# Azure Batch Data Product — Pre-Development Framework

## Purpose

Define the rules of the Azure batch system before execution.

This document declares:

- What the system guarantees  
- What it explicitly does not attempt  
- What evidence must exist for a run to be considered valid  

This is a rulebook.  
It does not describe implementation details.

---

## System Overview

Execution flow:

Pipeline → Notebook → Runner (from `azure_batch_code.zip`) → ADLS

The runner performs:

1. Strict schema read
2. Fail-fast input contract validation
3. Minimal declared transforms
4. Deterministic metric computation
5. Run-scoped publication
6. Single run log creation

---

## Scope

### In Scope

- Full batch recompute of a finite historical dataset
- Azure Data Lake Storage Gen2
- Synapse Spark execution
- Run isolation using `run_id`
- Exactly six published metrics
- Single structured run log as evidence

### Out of Scope

- Streaming or incremental processing
- ML, forecasting, optimisation
- Performance tuning
- Hash-based determinism proofs
- Atomic staging frameworks
- Multiple evidence artifacts
- Cost estimation

This system is intentionally minimal.

---

## Core Guarantees

### 1. Contract-First Validation

Input must satisfy:

- Exact schema (no missing or extra columns)
- Required non-null fields
- Duplicate key rejection
- Score consistency rule
- Basic domain sanity

Any violation causes immediate failure.

No silent fixes.
No coercion.
No enrichment.

---

### 2. Deterministic Batch

Given the same input file, the system produces identical metric content.
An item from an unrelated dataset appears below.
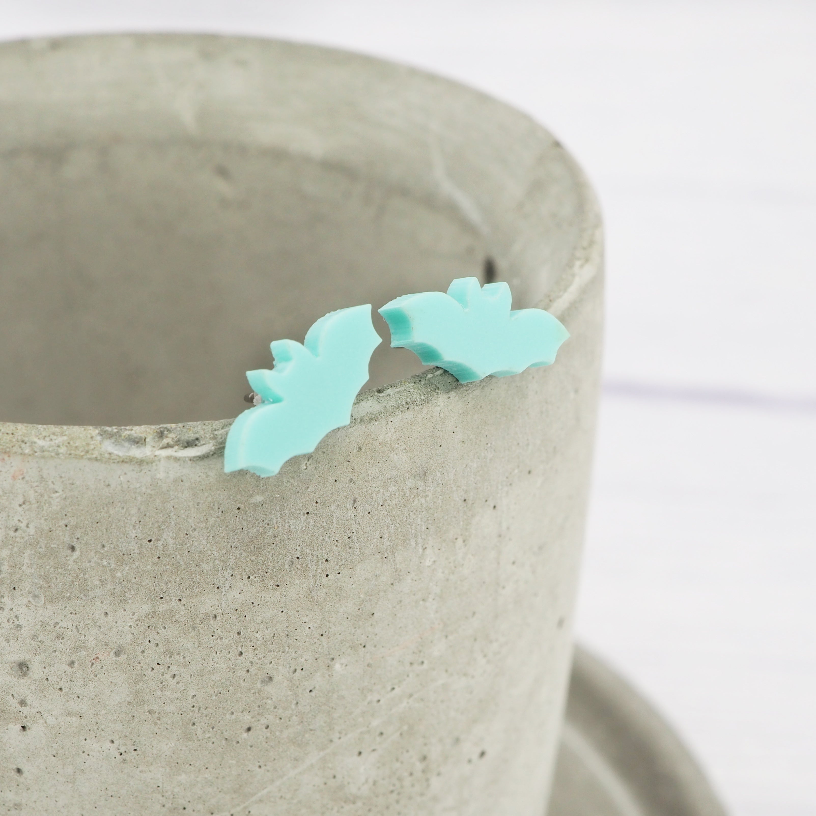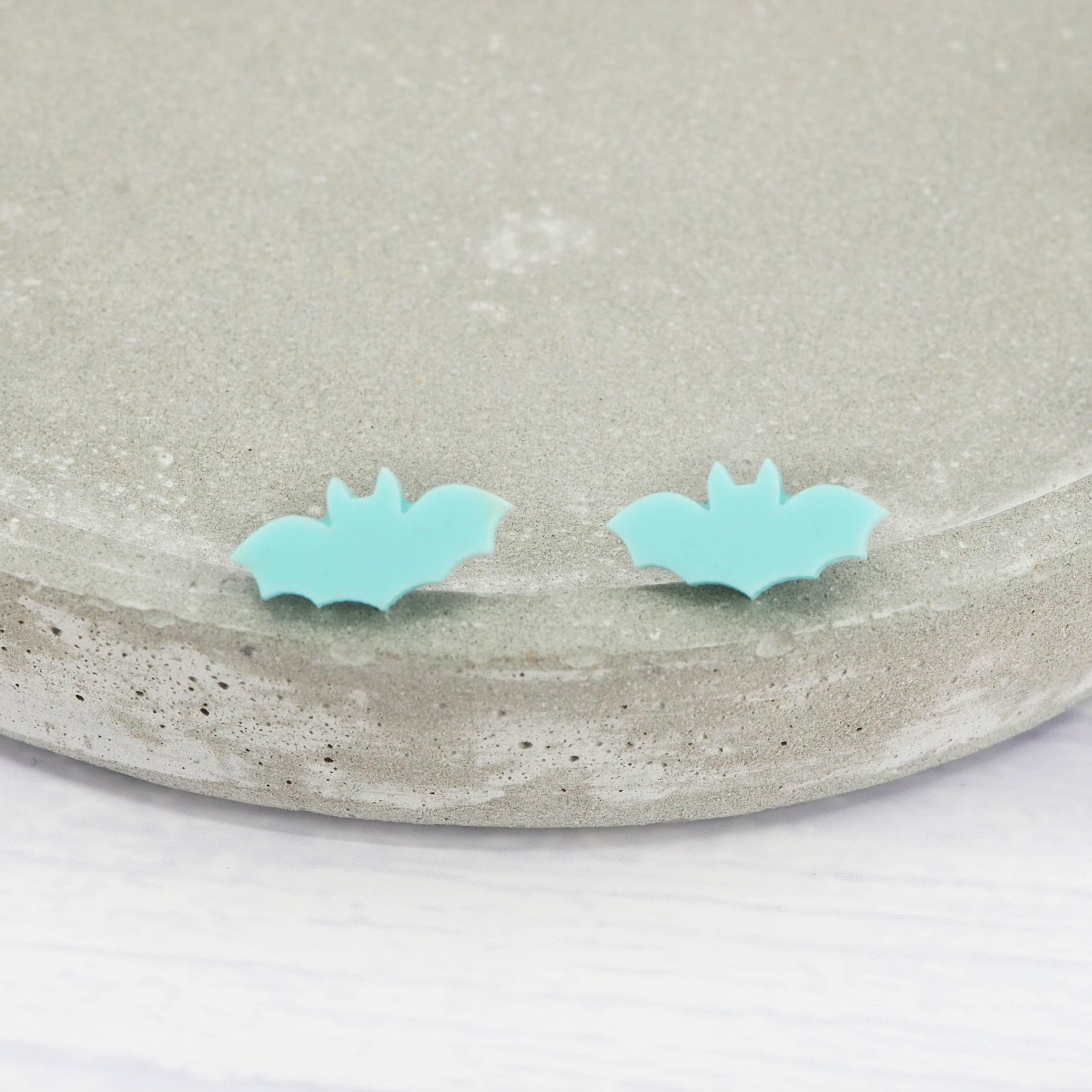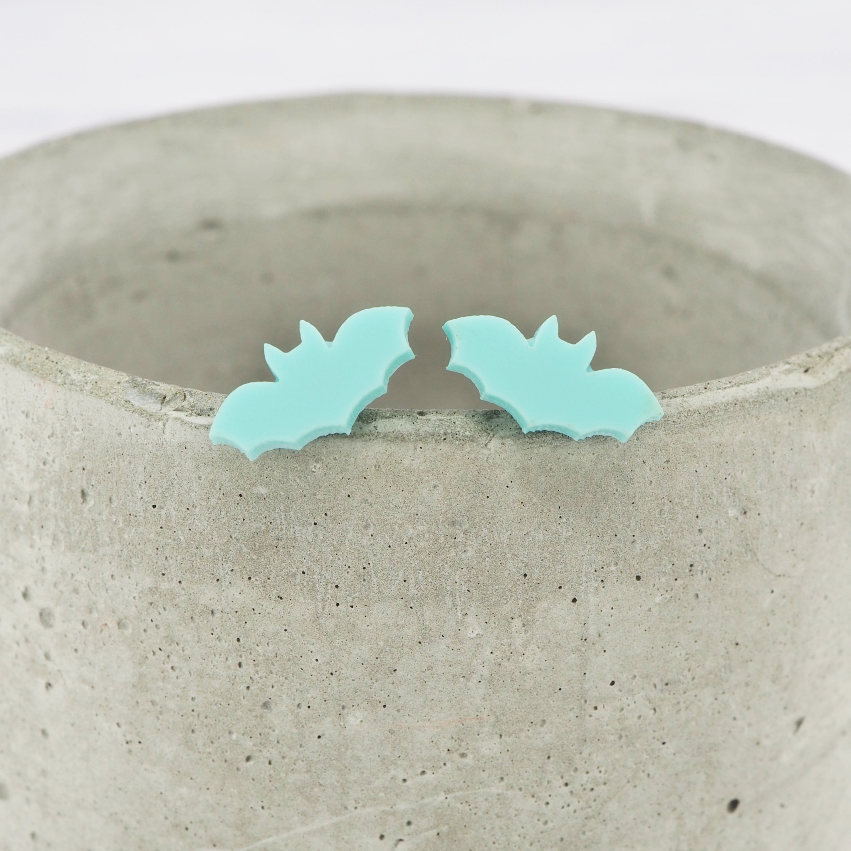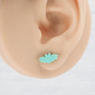 Pastel matte blue bat studs with 0.7mm titanium ear stems.

Determinism is defined at the data level, not file-level ordering.

---

### 3. Reconciliation Invariant

The number of rows written to curated output must equal:

```
rows_read_raw
```

No rows are dropped.
No rows are imputed.

---

### 4. Played-Game Rule

Metrics are computed using only rows where:

```
score_home IS NOT NULL AND score_away IS NOT NULL
```

Scheduled/future games are excluded from metric computation but remain in curated output.

---

### 5. Metrics

Exactly six metrics are produced:

- M1 — Games played per team per season  
- M2 — Win / loss / tie counts per team per season  
- M3 — Points for and against per team per season  
- M4 — Total games per season  
- M5 — Regular vs playoff game counts per season  
- M6 — Neutral-venue game count per season  

No additional metrics exist in v1.

Any change requires a version bump.

---

### 6. Run Isolation

Each execution generates a unique:

```
run_id
```

All outputs are written under:

```
curated/run_id=<run_id>/
metrics/run_id=<run_id>/
logs/run_id=<run_id>/
```

No run overwrites another.

---

### 7. Publish Rule

If any step fails:

- The run status is recorded as `failed`
- Metric outputs for that run are deleted

Only successful runs retain published metrics.

---

## Evidence Model

Each run produces exactly one artifact:

```
logs/run_id=<run_id>/run.log
```

The run log contains:

- run_id  
- input_path  
- curated_path  
- metrics_root  
- metric list  
- rows_read_raw  
- rows_curated  
- per_metric_rows  
- status  
- failure_reason (if failed)

This file is the single source of truth.

If:

```
status = success
```

metrics exist and are considered published.

If:

```
status = failed
```

metrics for that run must not remain.

---

## Notebook Policy

Notebooks:

- Do not execute pipelines
- Do not recompute metrics
- Do not mutate data
- Only inspect existing artifacts

Evidence is inspection-only.

---

## Definition of Complete

The system satisfies this framework when:

- Input contract is enforced fail-fast
- Reconciliation invariant holds
- Exactly six metrics are produced
- Run isolation is respected
- A single run log is written
- Evidence aligns with outputs
- No claim exceeds what artifacts prove

---

## Design Philosophy

- Minimal complexity
- Deterministic logic
- Explicit guarantees
- Evidence over narrative
- No overengineering
- First-job ready with senior discipline

This framework governs all v1 Azure batch executions.